# IBS for 10 years - managing, but miserable



## Sheerks (Oct 3, 2017)

Hi all -

I am new to this whole forum/support chat, so please be easy on me









A little background on myself.. My name is Sam and I am a 24 year old female whose had IBS (D) for 10-12 years now, I am also lactose intolerant for over half my life, and have Chronic Abdominal Pain. So basically.... it's a party of pain and issues in my stomach









I don't want to get into the nitty gritty because having IBS (D) for so long, you tend to forget things that you've tried before or not remember as well. But I really believe I have tried everything, except a Fecal Transplant, which sounds gross but I know it has worked for some and not worked for others. I have tried all medications basically known to man, injections, homeopathic remedies, "mind, body, soul treatment", exercise treatment, endless probiotics and vitamins, too many diets (gluten free, fructose free, FODMAP, wheat free, dairy free, etc), tried staying away from food that usually bothers me - even though I can break into horrible cramps from eating a piece of bread or even just drinking water, and the list goes on. I've have 6 colonoscopies, 5 EGD's, and 7 biopsies of the lining of my stomach - but they all come back as "perfectly fine". Sometimes I feel like being diagnosed with IBS is when your GI doctor has tried multiple tests and multiple medications, but doesn't really find anything wrong, so they diagnose you with this very broad and unspecified syndrome.

For the first 5-7 years, it was the worst years of my life. When I got diagnosed with IBS (D), it wasn't too long after that I had battled with CDIFF off and on for 3 years straight - anyone whose experienced CDIFF (especially being a young teenager) probably knows that it's absolutely horrible and painful and that thing was SO hard to get rid of. My doctors tried to put me on probably over 25 or 30 medications (by now) but nothing was seeming to help. My pain would get so bad that I'd pull hair out of my head, curl into a ball with my heating pad, and cry in pain - I used to go to the hospital 4 times a month because none of the medication was helping and the pain was so bad. Every. Single. Day. I used to never leave my house (my stomach wouldn't let me leave the house**) I had to call in sick a lot because of my pain, I missed out on family events, I missed out on hanging out with friends, I missed out on being a teenager because of my stomach and being "untreated". Then, about 3 years ago, my current doctor, put me on Tramadol to help with pain and it has saved me life. Don't get me wrong, I still have IBS pain every single day of my life, but at least I've been able to HAVE a life because of this. I am able to keep a steady job, go to school, go to family events, go out with my friends, etc. I still have bad days when it doesn't help, but it's way better than before. I just do not want to be on this medication too long and I do not want to have to take a pain medication every day of my life for the rest of my life - I don't want that for myself. It just scares me that I know one day I have to get off the medication that somewhat helps me and then what? IBS is an unknown that I'm always afraid of.

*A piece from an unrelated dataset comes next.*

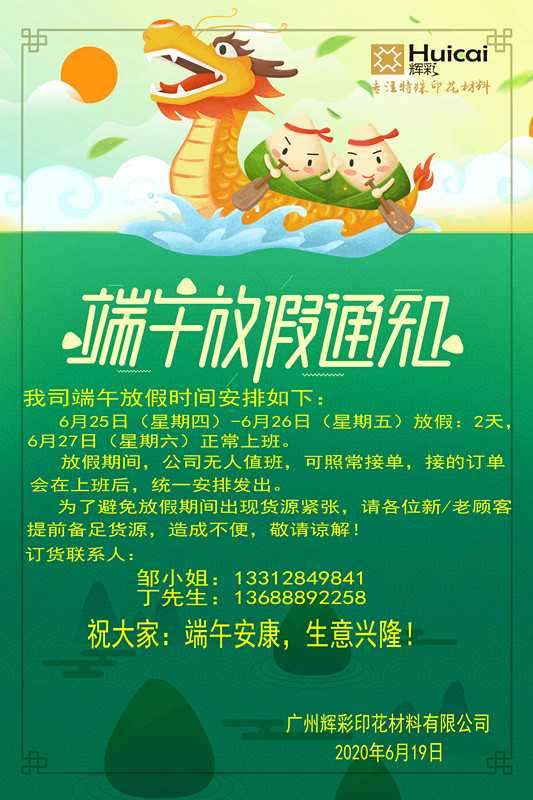 溫馨提示:【輝彩公司】端午節(jié)放假時(shí)間為:6月25-26日、27號(hào)正常上班,放假期間,可照常接單,如需訂貨可聯(lián)系:13312849841鄒經(jīng)理,祝大家節(jié)日安康!

My family and close friends know what I have and kind of go through, but they don't actually know or actually understand what I have to deal with or what I have to go through with IBS. I just thought I would try this because it would be nice to talk to people who have what I have, and get it 10000% . Any who, not sure who will read this but I thought I'd reach out to feel like I'm not the only one dealing with this or that there are other people out there who get it.

Thanks for reading my novel!


----------



## Barney71 (Aug 1, 2017)

Hello!
Great story, I can definitely relate to this as I had this period in my life that was totally miserable as well. It was when my IBS hit me the hardest and I was struggling with daily life a lot. I had depression and tons of other issues, I was socially closed and I didn't know what to do.I had to cope with my problems at pretty young age and this was the toughest part for me. For a young mindto struggle with those problems and realize how harsh and fragile life really is, it has set me back a few years but just as you I have managed and I know exactly how much trouble you had to go through in order to get your life back together again. So long story short, welcome to our community and I hope, that you will become an active member of our community.


----------



## shadytree (Oct 6, 2017)

For the first 5-7 years, it was the worst years of my life. When I got diagnosed with IBS (D), it wasn't too long after that I had battled with CDIFF off and on for 3 years straight - anyone whose experienced CDIFF

*Holy cow! Do you know how you even got C-Diff!?







*

My family and close friends know what I have and kind of go through, but they don't actually know or actually understand what I have to deal with or what I have to go through with IBS.

* This is true.*

I just thought I would try this because it would be nice to talk to people who have what I have, and get it 10000% . Any who, not sure who will read this but I thought I'd reach out to feel like I'm not the only one dealing with this or that there are other people out there who get it.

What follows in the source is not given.